Start of Study material

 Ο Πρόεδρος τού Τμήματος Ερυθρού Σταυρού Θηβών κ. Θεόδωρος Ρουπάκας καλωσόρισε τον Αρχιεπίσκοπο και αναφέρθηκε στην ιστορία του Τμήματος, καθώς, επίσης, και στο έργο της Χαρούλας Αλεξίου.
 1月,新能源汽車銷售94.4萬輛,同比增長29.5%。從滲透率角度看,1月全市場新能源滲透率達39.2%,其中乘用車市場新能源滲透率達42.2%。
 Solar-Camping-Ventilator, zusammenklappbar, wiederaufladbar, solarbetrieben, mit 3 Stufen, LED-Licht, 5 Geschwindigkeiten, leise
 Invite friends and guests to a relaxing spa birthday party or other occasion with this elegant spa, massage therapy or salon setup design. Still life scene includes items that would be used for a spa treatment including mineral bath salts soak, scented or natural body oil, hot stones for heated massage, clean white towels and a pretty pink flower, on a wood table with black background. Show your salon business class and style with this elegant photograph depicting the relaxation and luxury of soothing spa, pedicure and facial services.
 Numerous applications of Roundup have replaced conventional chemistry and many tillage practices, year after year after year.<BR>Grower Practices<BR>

End of Study material
Start of Study material

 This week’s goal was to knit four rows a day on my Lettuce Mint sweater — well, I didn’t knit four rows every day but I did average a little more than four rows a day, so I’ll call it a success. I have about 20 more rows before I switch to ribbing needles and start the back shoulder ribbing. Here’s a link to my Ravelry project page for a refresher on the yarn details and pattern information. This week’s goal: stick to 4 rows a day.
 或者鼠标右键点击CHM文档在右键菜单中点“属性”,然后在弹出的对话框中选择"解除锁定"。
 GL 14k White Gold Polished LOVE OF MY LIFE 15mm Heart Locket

End of Study material
Start of Study material

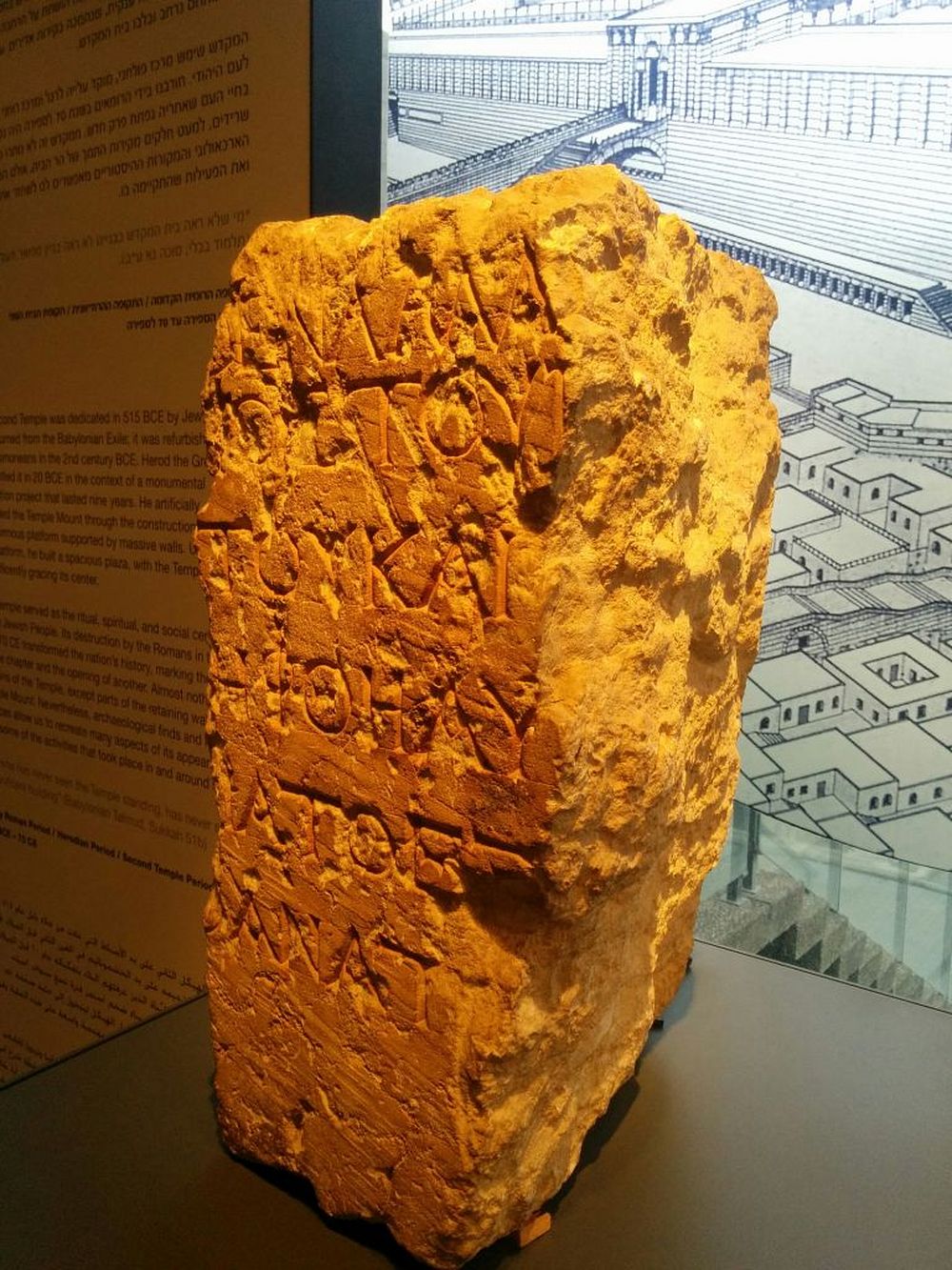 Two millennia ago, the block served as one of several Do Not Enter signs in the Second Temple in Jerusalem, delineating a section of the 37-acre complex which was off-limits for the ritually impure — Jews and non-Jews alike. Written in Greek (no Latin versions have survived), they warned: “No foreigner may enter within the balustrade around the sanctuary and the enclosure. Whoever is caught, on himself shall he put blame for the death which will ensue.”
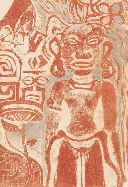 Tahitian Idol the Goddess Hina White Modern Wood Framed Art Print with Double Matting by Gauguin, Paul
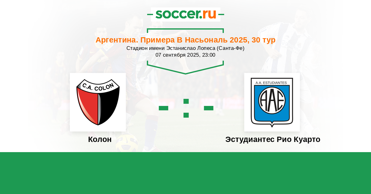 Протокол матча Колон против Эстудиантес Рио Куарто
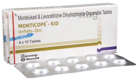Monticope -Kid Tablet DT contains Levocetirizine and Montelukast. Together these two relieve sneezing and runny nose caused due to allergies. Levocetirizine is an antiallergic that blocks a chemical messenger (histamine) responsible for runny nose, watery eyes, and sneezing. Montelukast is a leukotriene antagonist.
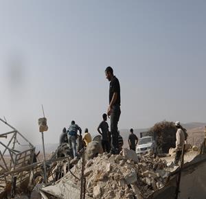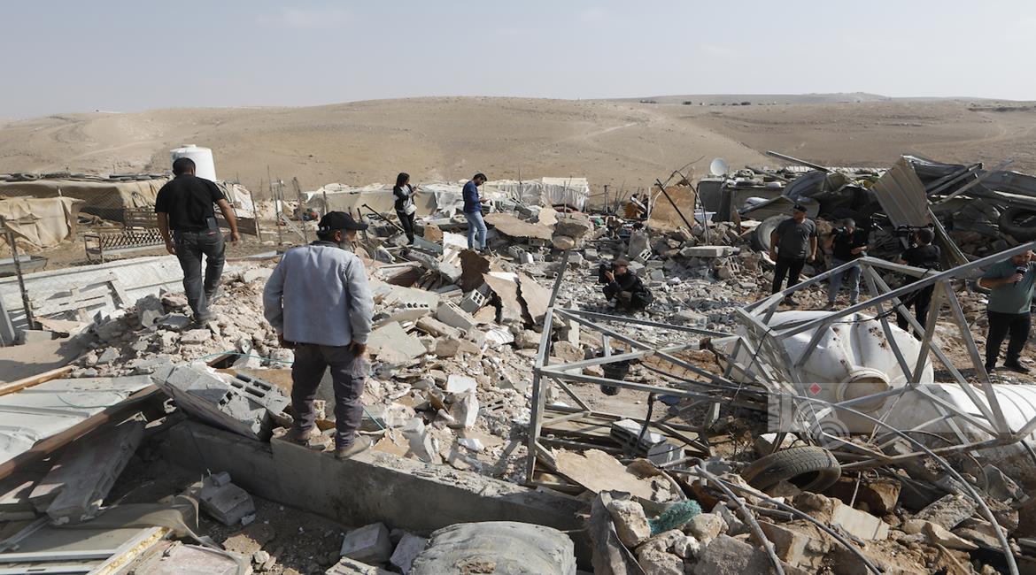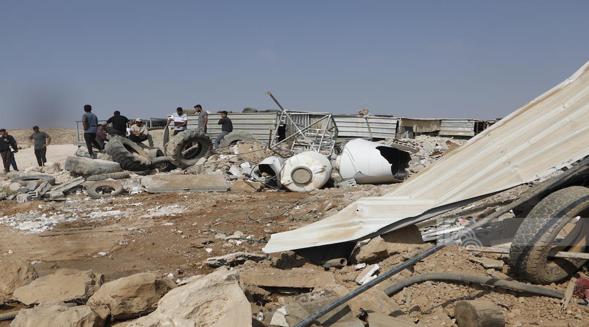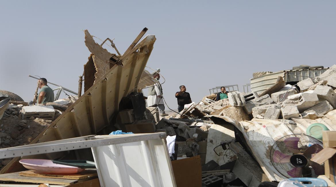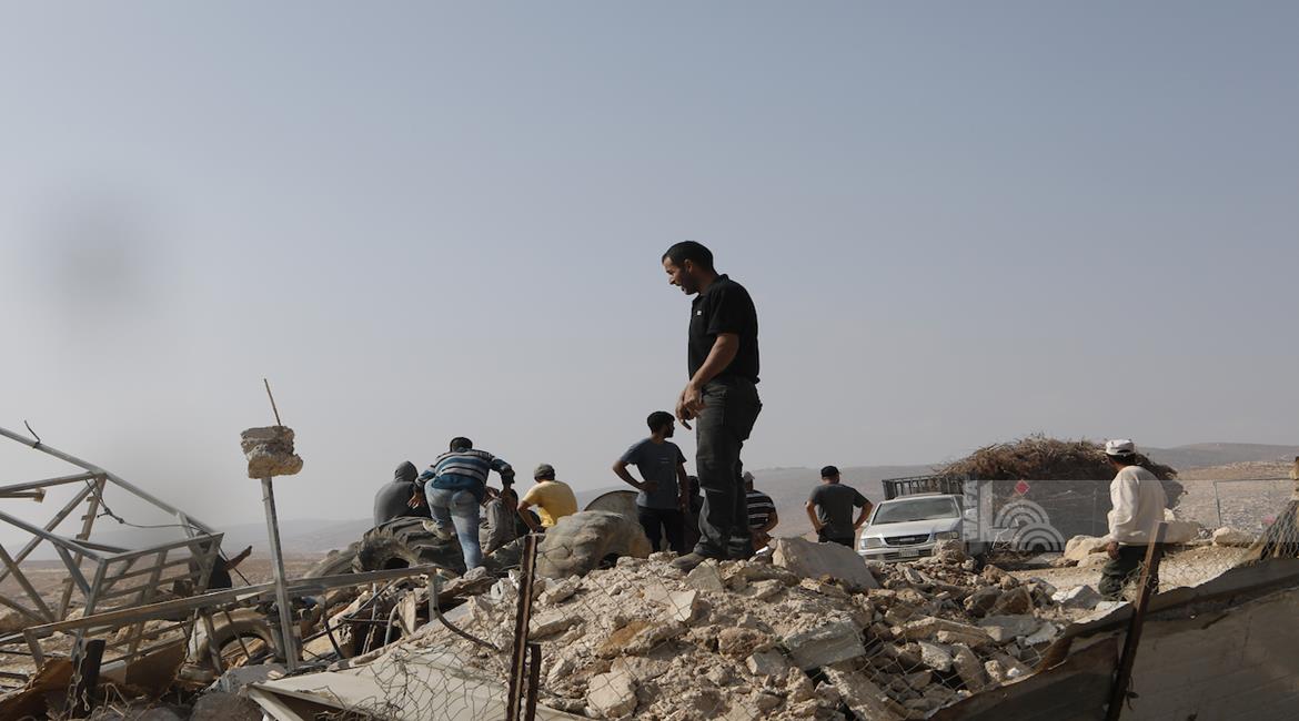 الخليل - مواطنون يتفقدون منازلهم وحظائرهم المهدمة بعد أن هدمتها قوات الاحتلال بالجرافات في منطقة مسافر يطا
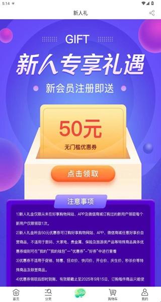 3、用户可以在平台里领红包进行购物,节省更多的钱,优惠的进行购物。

End of Study material

▶ What the exercise asks
What is asked for is an exact copy of the lines above from the one containing "Ο Πρόεδρος τού" through the one containing "Numerous applications of", and only those.

▶ Answer space
 Ο Πρόεδρος τού Τμήματος Ερυθρού Σταυρού Θηβών κ. Θεόδωρος Ρουπάκας καλωσόρισε τον Αρχιεπίσκοπο και αναφέρθηκε στην ιστορία του Τμήματος, καθώς, επίσης, και στο έργο της Χαρούλας Αλεξίου.
 1月,新能源汽車銷售94.4萬輛,同比增長29.5%。從滲透率角度看,1月全市場新能源滲透率達39.2%,其中乘用車市場新能源滲透率達42.2%。
 Solar-Camping-Ventilator, zusammenklappbar, wiederaufladbar, solarbetrieben, mit 3 Stufen, LED-Licht, 5 Geschwindigkeiten, leise
 Invite friends and guests to a relaxing spa birthday party or other occasion with this elegant spa, massage therapy or salon setup design. Still life scene includes items that would be used for a spa treatment including mineral bath salts soak, scented or natural body oil, hot stones for heated massage, clean white towels and a pretty pink flower, on a wood table with black background. Show your salon business class and style with this elegant photograph depicting the relaxation and luxury of soothing spa, pedicure and facial services.
 Numerous applications of Roundup have replaced conventional chemistry and many tillage practices, year after year after year.<BR>Grower Practices<BR>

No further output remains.